Fractional Shares. No scrip or fractional share certificates will be issued in connection with the Reverse Split. Fractional shares resulting from the Reverse Split will be rounded up to one full post-Reverse Split Share. Accordingly, each stockholder who otherwise would be entitled to receive a fractional share because such stockholder holds a number of pre-Reverse Split Shares not evenly divisible by the Reverse Stock Ratio, will be entitled, upon surrender of the stock certificate(s) representing the stockholder’s pre-Reverse Split Shares, to one full post-Reverse Split Share. The ownership of a fractional interest will not give a stockholder any voting, dividend or other rights except to have such stockholder’s fractional share rounded up to one full post-Reverse Split Share.

 

Options and Warrants. All outstanding options, warrants, notes, debentures and other securities exercisable for, convertible to or exchangeable for Common Stock will be adjusted as a result of the Reverse Split, as required by the terms of these securities. In particular, the conversion ratio for each instrument will be reduced, and the exercise price, if applicable, will be increased, in accordance with the terms of each instrument and based on the Reverse Split Ratio. Any exercise, conversion or exchange after the Effective Date of options, warrants, notes, debentures and other derivative securities issued/granted prior to the Effective Date that would result in the issuance of a fractional share as a result of the Reverse Split Ratio will be treated, with respect to such fractional share, in the same manner as fractional shares are treated in the Reverse Split.

 

Authorized Shares.
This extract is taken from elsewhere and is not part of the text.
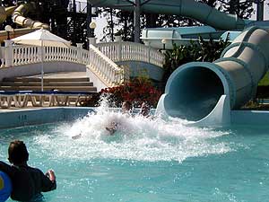 Трудно сказать, что мне там понравилось больше всего. Каждый аттракцион был по-своему интересен и забавен. Трубы с водой, по которым едешь на надувном круге, все набирая скорость, а потом врезаешься в воду - это вполне приятное развлечение, особенно если учесть, что из десятка подобных аттракционов можно выбрать наиболее соответствующий вашему представлению о скорости, с которой позволительно врезаться в воду. Я опробовал их все. От детских, когда в воду не врезаешься, а сваливаешься туда медленно и печально, до весьма жутких и крутых спусков, когда в воду влетаешь с такой скоростью, что становится страшно за надувной круг, на котором ты едешь. Я даже рискнул прокатиться по почти отвесной трубе, идущей с большой высоты, которая, к тому же, на всем протяжении полностью закрыта. Вот уж раздолье для клаустрофобов: въезжаешь в абсолютно черную трубу, затем тебя там колбасит со страшной силой, после чего вышвыривает в бассейн в тот момент, когда ты думаешь, что это уже никогда не закончится. Незабываемые ощущения, честное слово!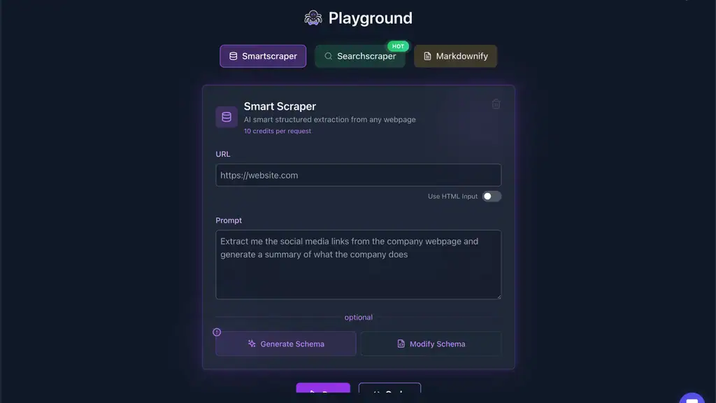 With ScrapeGraphAI, you can extract structured data from any website—just enter the URL and a simple text prompt to get started.

The Company is presently authorized under its Certificate of Incorporation to issue 2 billion shares of Common Stock. Upon effectiveness of the Reverse Split, the number of authorized shares of Common Stock would remain the same, although the number of shares of Common Stock issued and outstanding will decrease. Because the number of issued and outstanding shares of Common Stock will decrease, the number of shares of Common Stock remaining available for issuance will increase. The issuance in the future of additional shares of Common Stock may have the effect of diluting the earnings per share and book value per share, as well as the stock ownership and voting rights of the currently outstanding shares of Common Stock. The effective increase in the number of authorized but unissued and unreserved shares of Common Stock may be construed as having an anti-takeover effect as further discussed below. Authorized but unissued shares will be available for issuance, and the Company may issue such shares in future financings or otherwise. If the Company issues additional shares, the ownership interest of the then current holders of Common Stock would be diluted. Also, the issued shares may have rights, preferences or privileges senior to those of our Common Stock. The Company does not currently have any plans, proposal or arrangement to issue any of its authorized but unissued shares of Common Stock, other than the RDRD Exchange Shares and shares of Common Stock issuable upon exercise, exchange or conversion of currently outstanding options, warrants and convertible securities.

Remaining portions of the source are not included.